So the summary about the linked-list is –
- No index-based access.
- Inefficient search – O(n).
- Inefficient update – O(n). If you have the pointer to the node that you want to update, then it is O(1).
- Insertion and deletion is O(1) if you have the direct access to necessary nodes. Otherwise they are O(n). Insertion and deletion at the front are O(1).
- The benefit is that the linked-list is of dynamic size, so any amount of data can be accommodated as long as there is memory available.

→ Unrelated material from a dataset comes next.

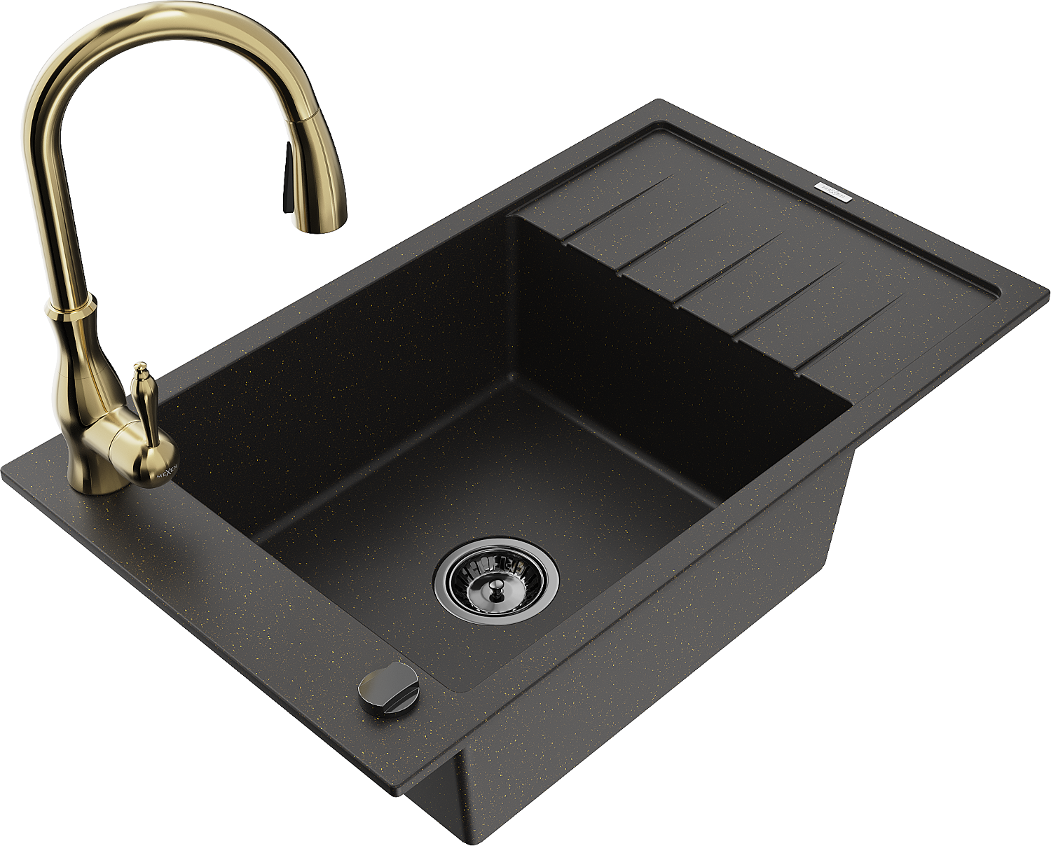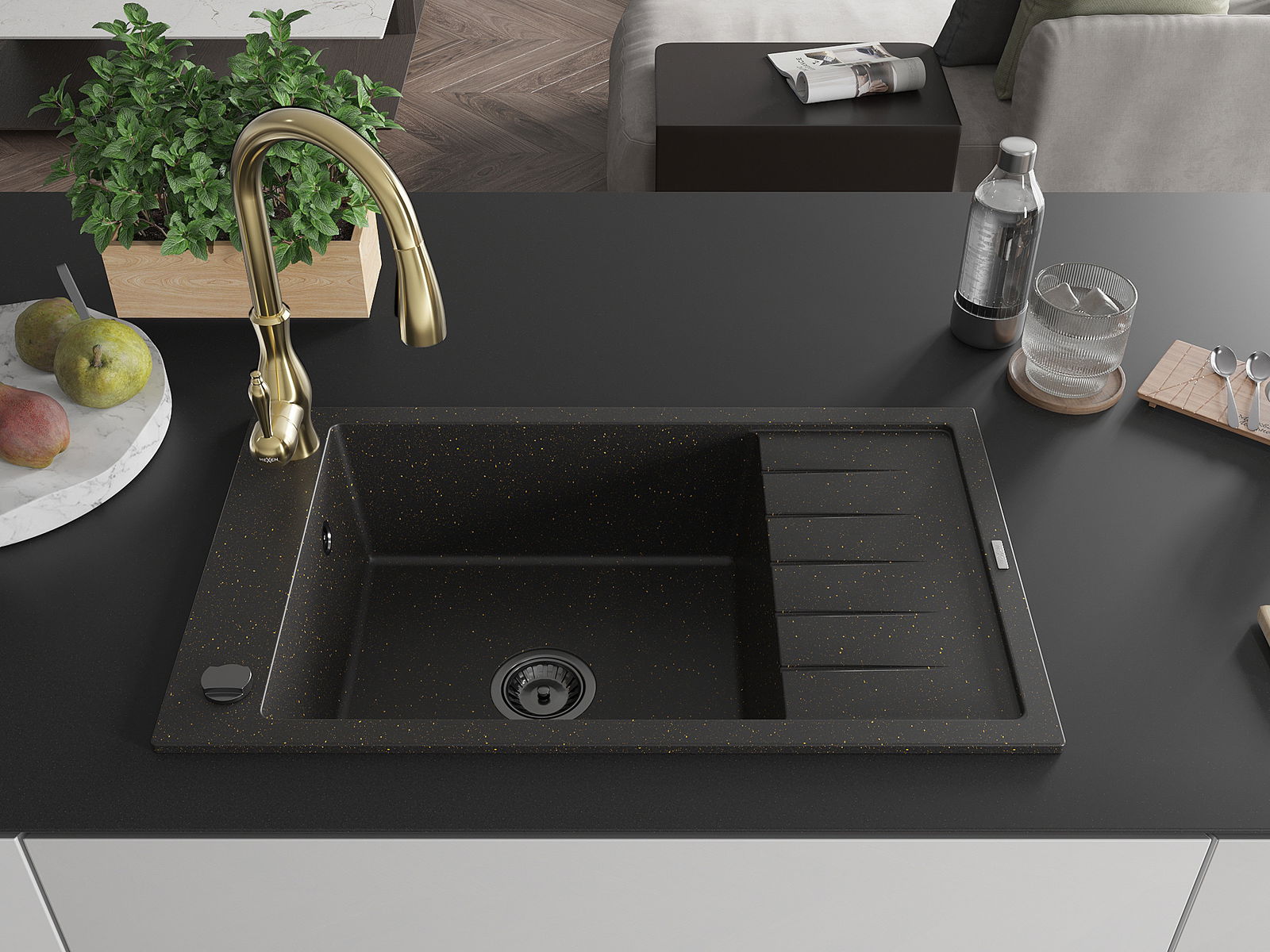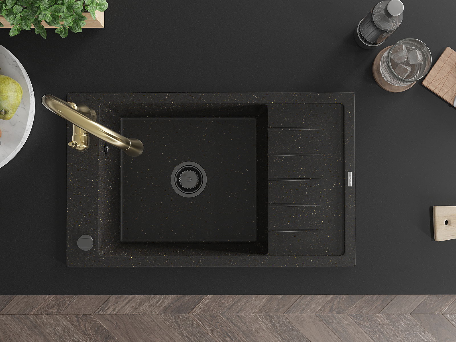 Mexen Elias granitový drez s 1 komorou s odkvapkávačom a kuchynskou batériou Savita, čierny/zlatý metalik - 6511-75-672601-50-B

Doctors are limited in number and there are a lot of patients in this unprecedented time. Hence the doctors need to prioritize between the patients. Say a doctor is treating patient A with some minor illness. At the same time, another patient B who has a relatively more serious illness walks in. Now the doctor needs to put the patient A on hold and take care of B. While treating B, a COVID-19 patient C walks in and now the doctor needs to immediately look to treat the patient C. So in summary, A walked in first but put on hold when B walked in. B was put on hold when C walked in. Now once the doctor treats C, B will get treated, and then A. This is the first-in-last-out or last-in-first-out approach. You can also visualize this as a stack of books where the book at the top is the last one that was added to the stack while the first book is at the bottom of the stack. This is sometimes the most appropriate way of organizing the data and hence computer science has a data structure called a stack. There are very limited operations that can be done on the stack but they are efficient. Adding a book at the top of the stack is easy and so is adding an element into the stack. It is efficient with time complexity being O(1). Similarly, removing an element from the top of the stack is O(1). Stack does not allow inserting an element anywhere else in the stack, it has to be at the top. Similarly, the deletion has to be from the top. The good part is that both these operations are O(1), the bad part is that there are no other operations supported. However, it helps to have operations like checking if the stack is empty, or checking if the stack is full. Both of these operations are also O(1).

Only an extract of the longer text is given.